▶ To do
Give back exactly the lines starting at the one with "LongDesc - Meet" and ending at the last line of the data below. Pictures are not part of the copy.

Data extracted from a collection:
--

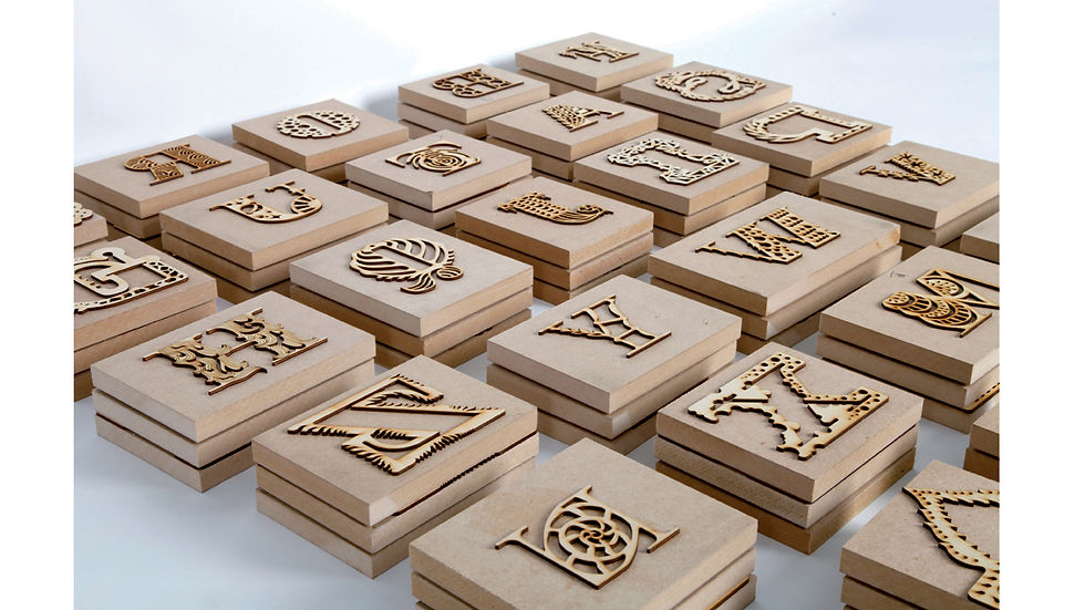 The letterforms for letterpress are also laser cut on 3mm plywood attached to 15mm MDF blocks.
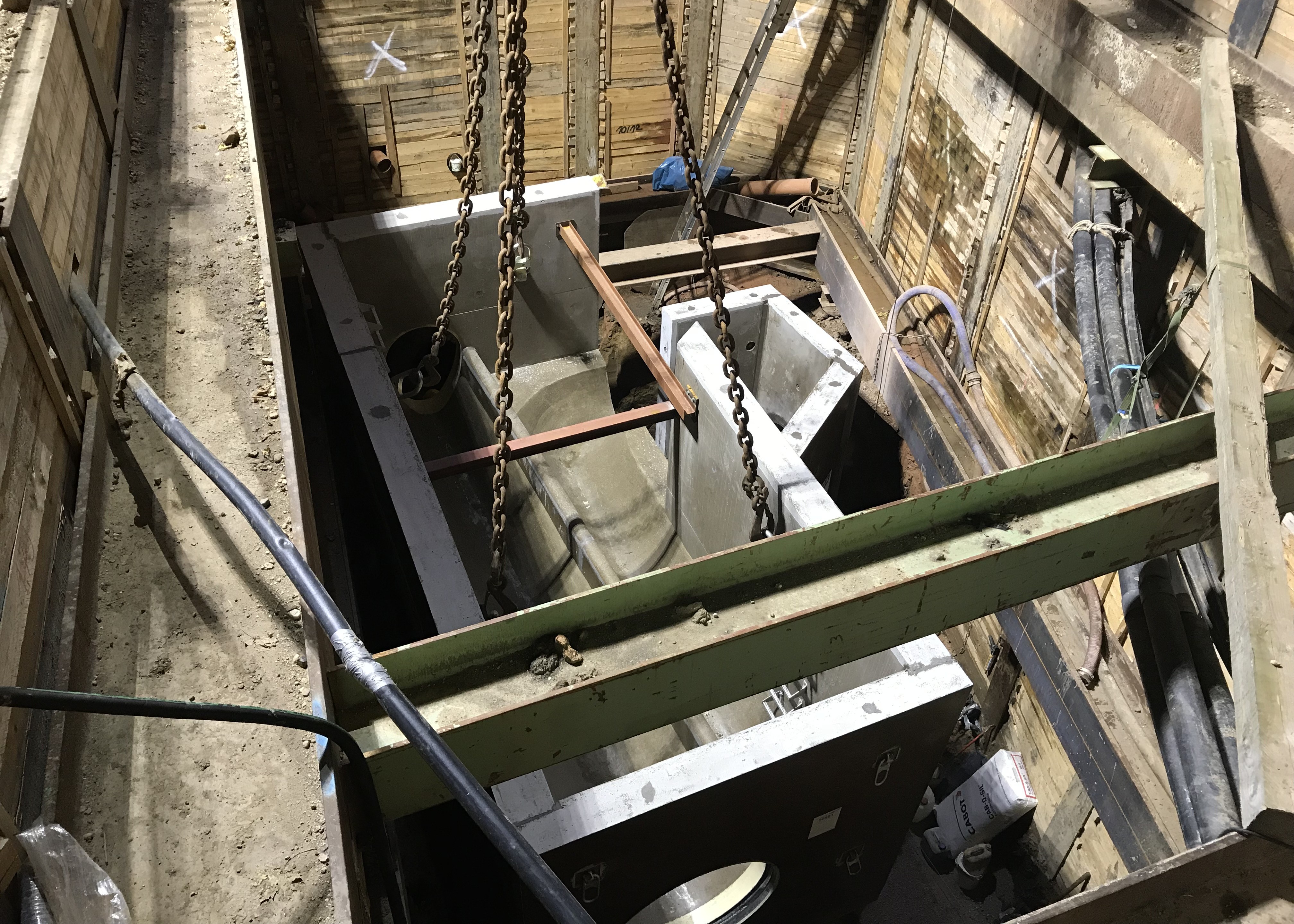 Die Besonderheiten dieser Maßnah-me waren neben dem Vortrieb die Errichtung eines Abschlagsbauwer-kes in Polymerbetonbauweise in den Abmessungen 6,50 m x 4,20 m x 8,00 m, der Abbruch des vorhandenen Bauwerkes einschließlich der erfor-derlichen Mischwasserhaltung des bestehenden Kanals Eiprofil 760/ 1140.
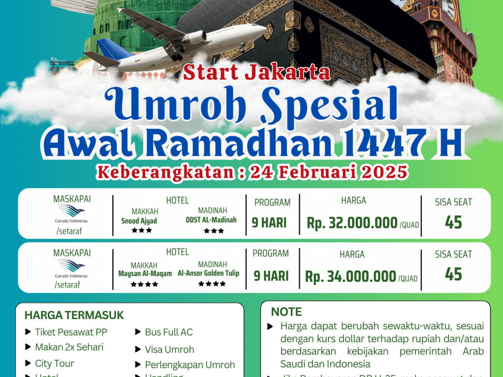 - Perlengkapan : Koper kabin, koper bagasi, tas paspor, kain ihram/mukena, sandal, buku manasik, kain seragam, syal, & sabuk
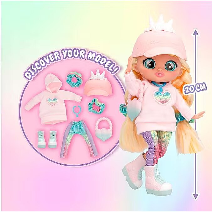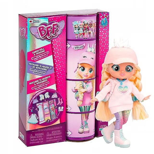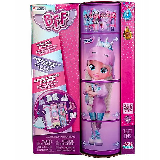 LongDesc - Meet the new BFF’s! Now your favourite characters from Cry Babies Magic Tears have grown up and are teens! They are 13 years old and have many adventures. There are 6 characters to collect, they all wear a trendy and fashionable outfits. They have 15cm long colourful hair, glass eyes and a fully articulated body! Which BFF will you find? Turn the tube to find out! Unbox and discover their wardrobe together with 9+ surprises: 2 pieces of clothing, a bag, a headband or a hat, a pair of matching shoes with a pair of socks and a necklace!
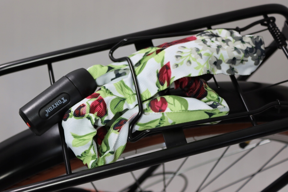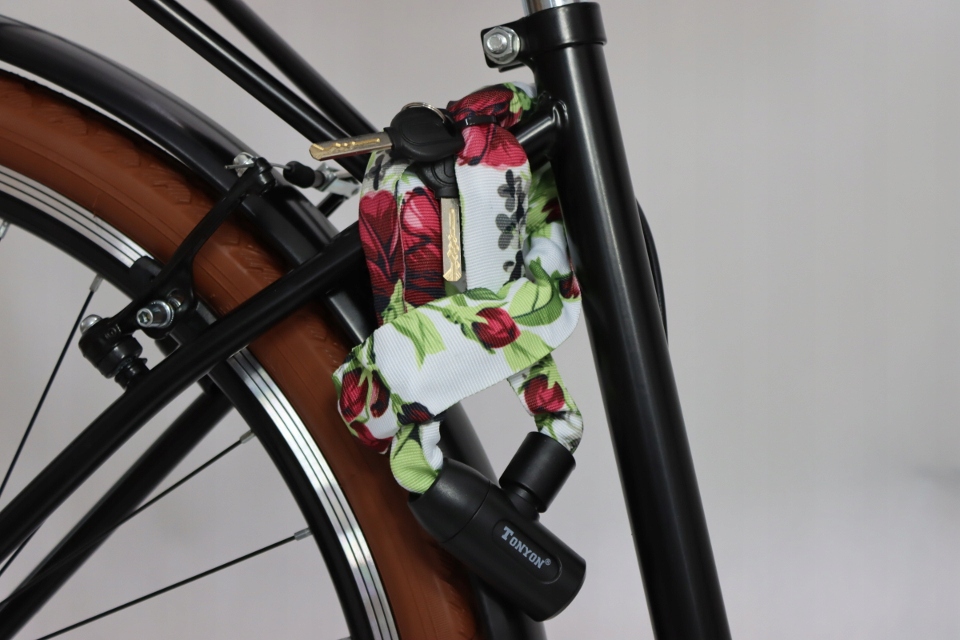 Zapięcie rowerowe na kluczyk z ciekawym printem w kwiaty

--

▶ Result for this exercise
 LongDesc - Meet the new BFF’s! Now your favourite characters from Cry Babies Magic Tears have grown up and are teens! They are 13 years old and have many adventures. There are 6 characters to collect, they all wear a trendy and fashionable outfits. They have 15cm long colourful hair, glass eyes and a fully articulated body! Which BFF will you find? Turn the tube to find out! Unbox and discover their wardrobe together with 9+ surprises: 2 pieces of clothing, a bag, a headband or a hat, a pair of matching shoes with a pair of socks and a necklace!
 Zapięcie rowerowe na kluczyk z ciekawym printem w kwiaty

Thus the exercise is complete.